Question 24th: int id[sizeof (unsigned long)]; Is this right? Why?


Answer: Correct this sizeof is a compile-time operator, which is determined at compile time and can be viewed as a machine-related constant.

Question 25th: What is the difference between a reference and a pointer?


"Reference Answer"
1) The reference must be initialized, and the pointer does not have to.

2) The reference initialization cannot be changed and the pointer can change the object being referred to.

3) There is no reference to a null value, but there is a pointer to a null value.

Question 26th: What are the advantages of const compared to #define?


"Reference Answer"

(1) const constants have data types, and macro constants do not have data types. The compiler can perform type safety checks on the former. Instead of only character substitution, there is no type safety check, and the substitution of characters can produce unexpected errors (marginal effects).

(2) Some integrated debugging tools can debug const constants, but cannot debug macro constants.

Question 27th: Complex declarations

void * (* (*FP1) (int)) [10];

Float (* (* FP2) (int,int,int)) (int);

Int (* (* fp3) ()) [10] ();

What does that mean?
Standard answer

1.void * (* (*FP1) (int)) [10]; FP1 is a pointer to a function whose arguments are of type int, and the return value of the function is a pointer to an array of 10 elements, each of which is a void*-type pointer.

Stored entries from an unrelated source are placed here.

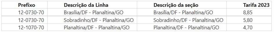 Histórico - As tarifas do transporte rodoviário semiurbano de passageiros entre DF/GO estavam sem atualização há dois anos. A recomposição tarifária é um direito das empresas, que precisa ocorrer anualmente para manter o equilíbrio econômico-financeiro do contrato e a operação. Diante disso, foi preciso recompor o aumento nos componentes dos índices de reajustes, como combustível, que chegou a 48,281%; óleo lubrificante, que atingiu 49,958%; pneus, que subiu mais de 100% só em 2021; IPCA acumulado, que 16,43% em dois anos; entre outros. O reajuste, que recompõe somente uma parte do desequilíbrio da tarifa, volta a entrar em vigor no caso de Planaltina (GO). As demais localidades do entorno já estavam com a nova tarifa em vigor desde março de 2023.
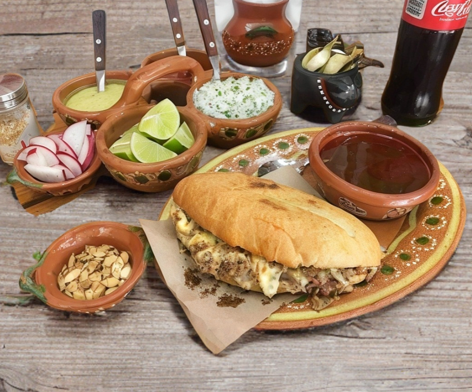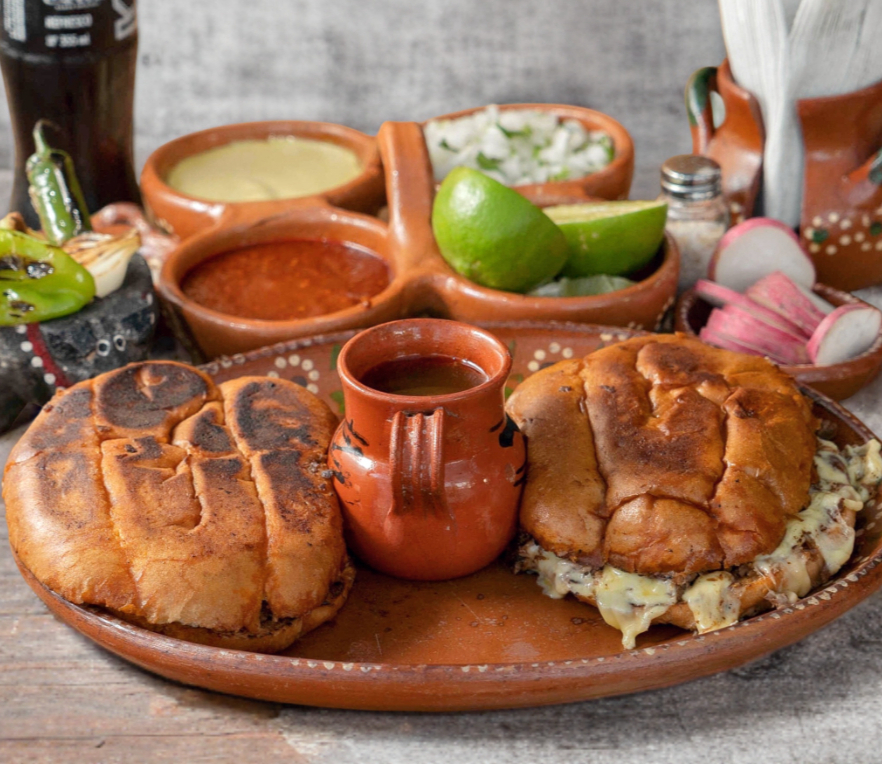 Pan con mayonesa dorado, queso y carne en su interior. Incluyen salsas, limones y complementos.
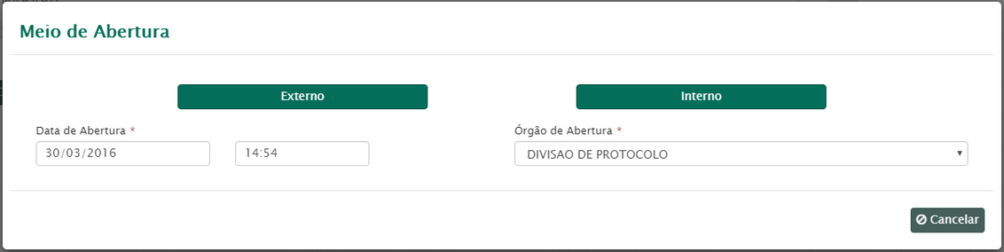 Esse tipo de abertura destina-se a ordens de serviço cujos requerentes são internos.
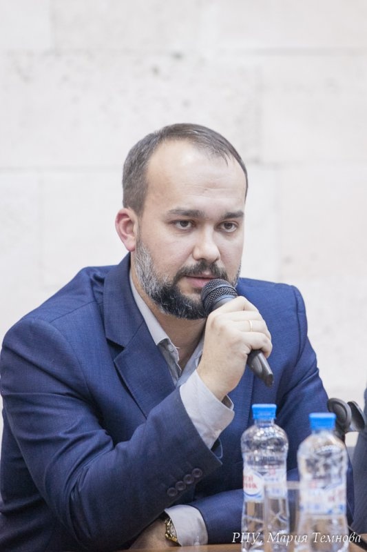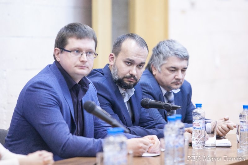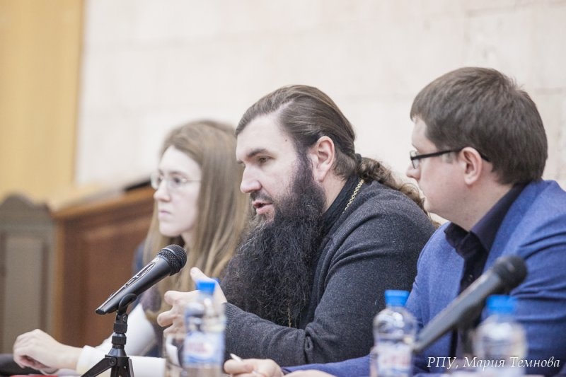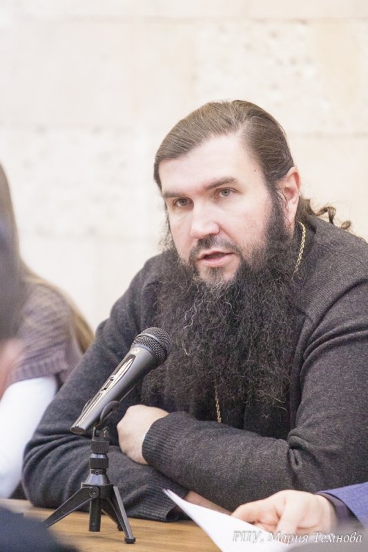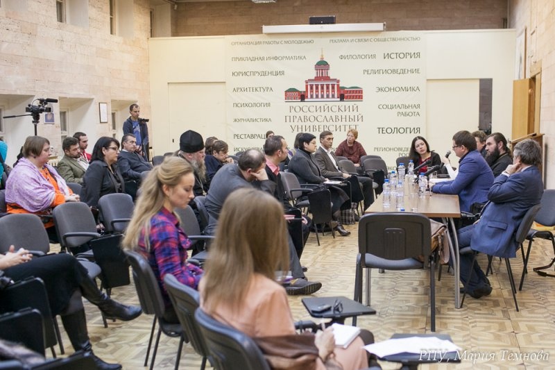Организатором мероприятия и модератором дискуссии выступила заведующая кафедрой журналистики и связей с общественностью РПУ Елена Викторовна Жосул. В ходе обсуждения большинство участников согласилось с тем, что в основании украинского конфликта большую, а возможно, и определяющую роль, играет культурно-религиозный фактор. Религиозные противоречия, сопротивление православным ценностям как культурообразующей константе русского мира проявили себя на всех этапах конфликта на Украине - как на стадии нагнетания политического напряжения, так и на стадии открытого вооруженного противостояния. Описывая суть конфликта, Игорь Друзь отметил: "В данном случае мы действительно видим конфликт цивилизаций. Нам пытаются представить то, что происходит в Новороссии, как борьбу кланов. Всё это вздор. Потому что никакие кланы не смогли, например, развязать войну между Рязанской и Московской областью в России. Развязать войну можно там, где есть противоречия. Донбасс - это часть Русского мира, а Галиция – часть униатского, католического. Другие области колеблются между этими полюсами". Протоиерей Андрей Новиков в своем выступлении обратил внимание на длительный процесс работы украинских медиа с общественным мнением, внедрение антироссийских и антиправославных идей, предвзятое освещение некоторыми СМИ действий Московского Патриархата и поддержку ими идей автокефалии: "За последнее время выросли два поколения людей, очень жестко настроенных против церковного единства, против Русской Православной Церкви. И когда пришел "час X", это всё оказалось очень востребовано. Особенно я имею ввиду второй майдан. Здесь не стоит обольщаться, идет речь не только о политических и межгосударственных отношениях, а о полном уничтожении Русского мира", - заметил он. Сложность же религиозной ситуации на Украине, как выразился Ростислав Ищенко, выражена в том, что "…линия разлома прошла следующим образом: с одной стороны - УПЦ Московского Патриархата, а против неё - все остальные религии и конфессии". Такое состояние прослеживается и по солидарной активности различных конфессиональных групп, о которой можно судить в том числе и за счет освещения обсуждаемых событий в СМИ. Подробнее об усилиях и роли в текущем украинском конфликте нетрадиционных религиозных организаций и сект высказался Игорь Иванишко. Отметив небывалую консолидацию различных религиозных объединений на фоне общей нестабильности, эксперт констатировал существование искусственно созданного информационного вакуума, в котором оказались правозащитные центры Украины, занимающиеся наблюдением за деятельностью сект: "Что же касается адекватного освещения религиозной ситуации на Украине с точки зрения правозащитных центров, оно было приостановлено". В ходе выступлений докладчиков и последовавшей за ними дискуссии также был затронут ряд вопросов, касающихся позиции различных СМИ в отношении украинского конфликта. Среди них - вопрос о необходимой степени освещения православными изданиями украинских событий, проблема оценки православными авторами религиозной ситуации, сложившейся на фоне общего кризиса на Украине, задача выработки последовательной политики, которой стоило бы придерживаться православным информационным ресурсам для общего оздоровления напряженной медийной ситуа
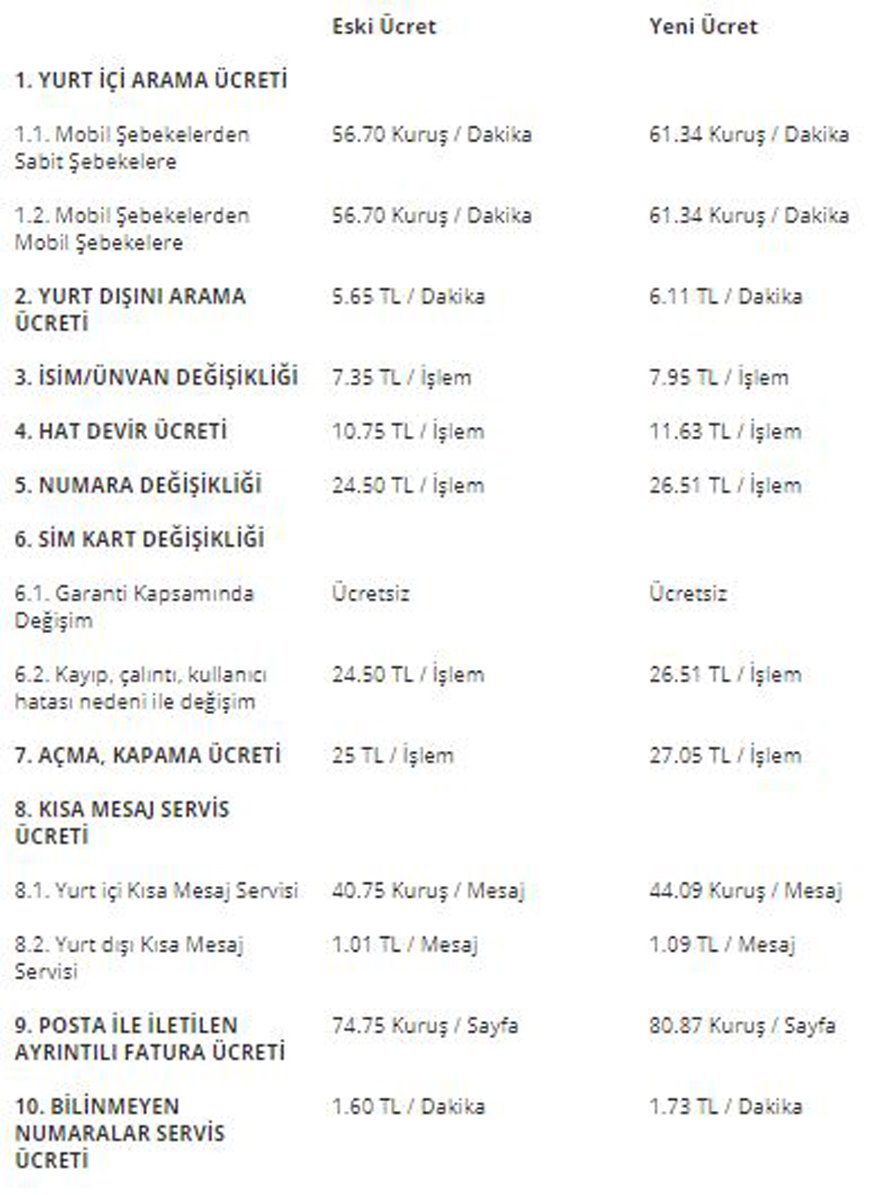 Habertürk’ün haberine göre; BTK'nın kurul kararı uyarınca ayrıca numara ve SIM kart değişikliği, hat devir, açma/kapama, ayrıntılı fatura ile bilinmeyen numaralar servisleri için sunulan ücretlerin azami tutarları da yükseltildi.
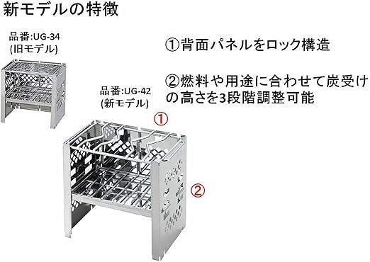 材質:本体・炭受け=ステンレス鋼、ゴトク・アミ・目皿=鉄(クロムめっき)、収納バッグ=ポリエステル
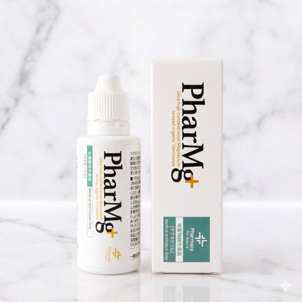 1. 医療現場の声から生まれた「高濃度・液体」タイプ 一般的な固形のサプリメント(酸化マグネシウム等)は、実は吸収されにくいのが難点でした。PharMg+は、時間をかけてイオン化した「完全天然・リキッド(液体)」タイプ。水や飲み物に数滴垂らすだけで、身体にスッと染み渡ります。
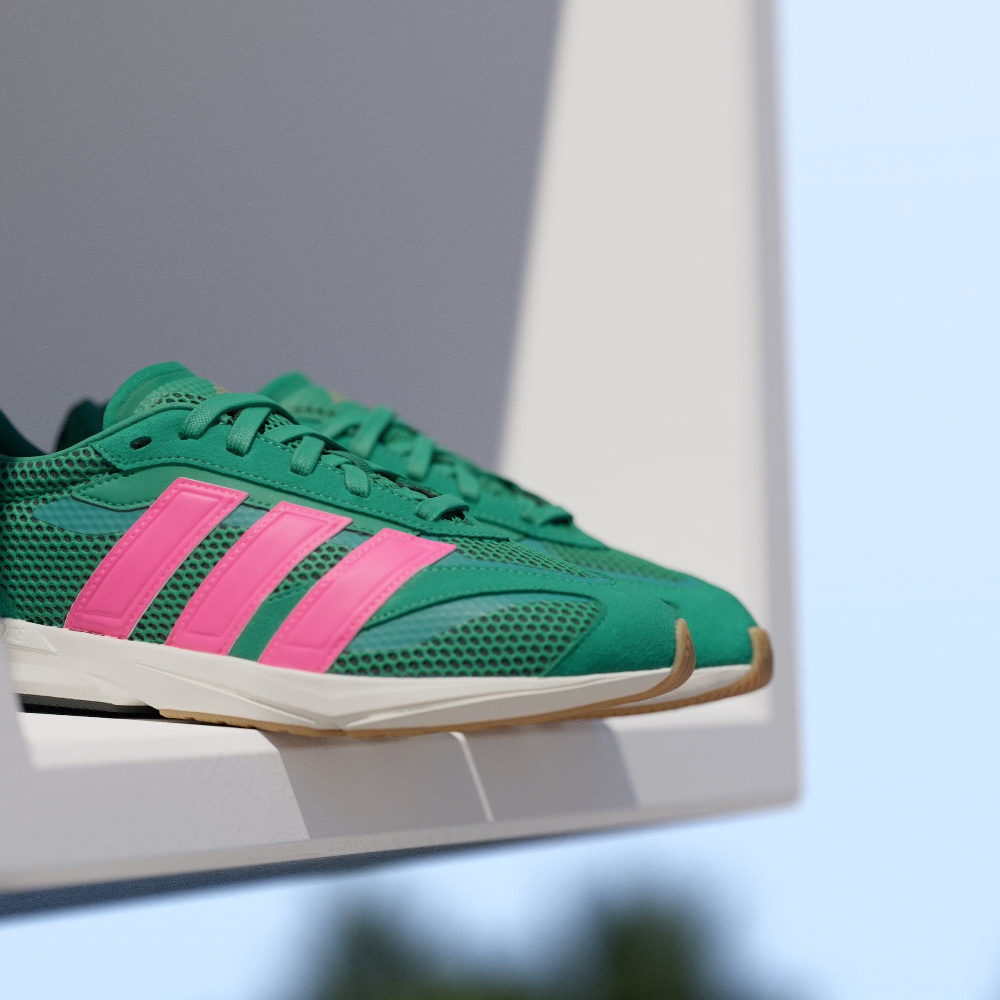 Disse sneakers, der er inspireret af det bedste fra adidas Running, bringer letvægtskomfort og moderne design til din hverdagsstil. Mesh-overdelen er fremhævet med påsætninger af ruskind og imiteret læder for et sporty look, der passer godt til alt fra tights til jeans. Lightstrike-mellemsålen dæmper hvert skridt, mens ydersålen i gummi griber fat i fortovet.
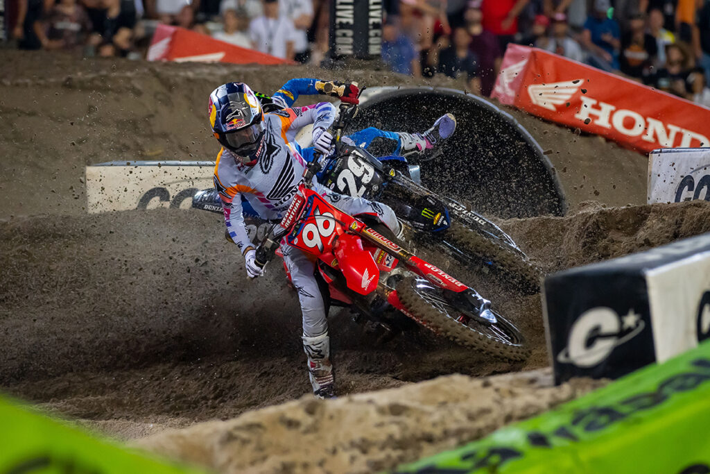 Red Bull KTM’s Cooper Webb was close but had to settle for second place at Round 8 on the unique track built into the trioval of the Daytona International Speedway. Team Honda HRC’s Chase Sexton had some close calls but no crashes to finish third on the high-speed Supercross track. In the fourth round of the 10-round Eastern Regional 250SX Class series, Team Honda HRC’s Hunter Lawrence took the Daytona win in convincing style.

2.float (* (* FP2) (int,int,int)) (int); FP2 is a pointer to a function that has a parameter of 3 int, and the return value of the function is a pointer to a function that has a parameter of type int and the return value of the function is of type float.

3.int (* (* fp3) ()) [10] (); FP3 is a pointer to a function, the function's parameters are empty, the function's return value is a pointer to an array, the array has 10 elements, each element is a pointer to a function, the function's parameters are empty, the function's return value is the int type.

Question 28th: How many kinds of memory are allocated?

"Reference Answer"

One, the allocation from the static storage area. Memory is allocated at the time of program compilation, and the entire running period of the program is present in this block. For example, global variables.

Second, create on the stack. When executing a function, the storage units of local variables within the function can be created on the stack, which are automatically freed when the function is executed at the end. The stack memory allocation operation is built into the processor's instruction set and is highly efficient, but allocates limited memory capacity.

Third, the allocation from the heap, also known as dynamic memory allocation. When the program is running, it uses malloc or new to request any amount of memory, and the programmer is responsible for freeing the memory with free or delete. The lifetime of dynamic memory is determined by us and is very flexible to use, but the problem is the most.

Question 29th: What is the problem when the destructor of the base class is not a virtual function?

"Reference answer" the destructor of a derived class is not used, which can cause a resource leak.

Question 30th: What is the difference between a global variable and a local variable? How did it come true? How does the operating system and the compiler know?

"Reference Answer"

Different life cycle:

The global variables are created and created by the main program, destroyed by the main program, and local variables exist inside local functions, even within local loop bodies, and exits do not exist;

The use of different ways: through the declaration of the various parts of the global variables program can be used; local variables can only be used locally; allocated in the stack area.

The operating system and compiler know by the location of the memory allocation, the global variable is assigned to the global data segment and is loaded when the program starts to run. Local variables are allocated inside the stack.